←back to thread

Parser Combinators Beat Regexes

(entropicthoughts.com)
120 points mooreds | 1 comments | | HN request time: 0.001s | source
Show context
arn3n ◴[] No.43639465[source]
“In other languages, it would be considered overkill to write a full parser when a simple regex can do the same thing. In Haskell, writing a parser is no big deal. We just do it and move on with our lives.”

I see a long code file filled with comments and long paragraph-level explanations.
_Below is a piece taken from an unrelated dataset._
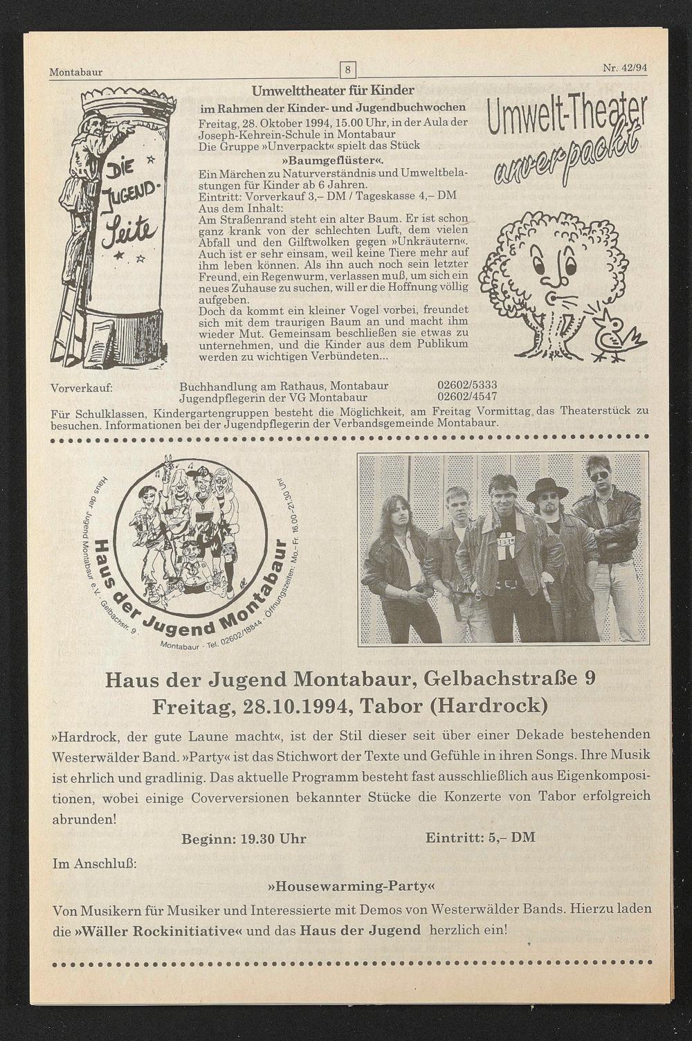 Haus der Jugend Montabaur, Gelbachstraße 9 Freitag, 28.10.1994, Tabor (Hardrock)

I think I’d rather just learn and use regex.

replies(5): >>43639538 #>>43639912 #>>43639965 #>>43641791 #>>43644069 #
layer8 ◴[] No.43639965[source]
Whenever I write a regex, I end up with a comments roughly ten times longer than the regex. That being said, regular expressions are often the right tool for the job (i.e. parsing a regular language, as opposed to a context-free language or whatever), just the syntax becomes unreadable rather quickly. I’m sure you could build a nicer regular-expression syntax in Haskell.
replies(3): >>43640776 #>>43640864 #>>43642797 #
1. f1shy ◴[] No.43640864[source]
Yes. Regex tend to become rather fast write only. One solution is commenting, but is still complex. What I like to do now (in C) is define parts of it. Just a crude example to get the idea:

   // STRing: matches anything inside quotes (single or double)
   #define STR "[\"'](.*)[\"']"
   // NUMber: matches decimal or hexadecimal numbers
   #define NUM "([[:digit:]]x?[[:xdigit:]]*)"
   
   regcomp(&reg_exp, STR NUM , REG_EXTENDED | REG_ICASE);
So at the end I compose the RE with the various parts, which are documented separately.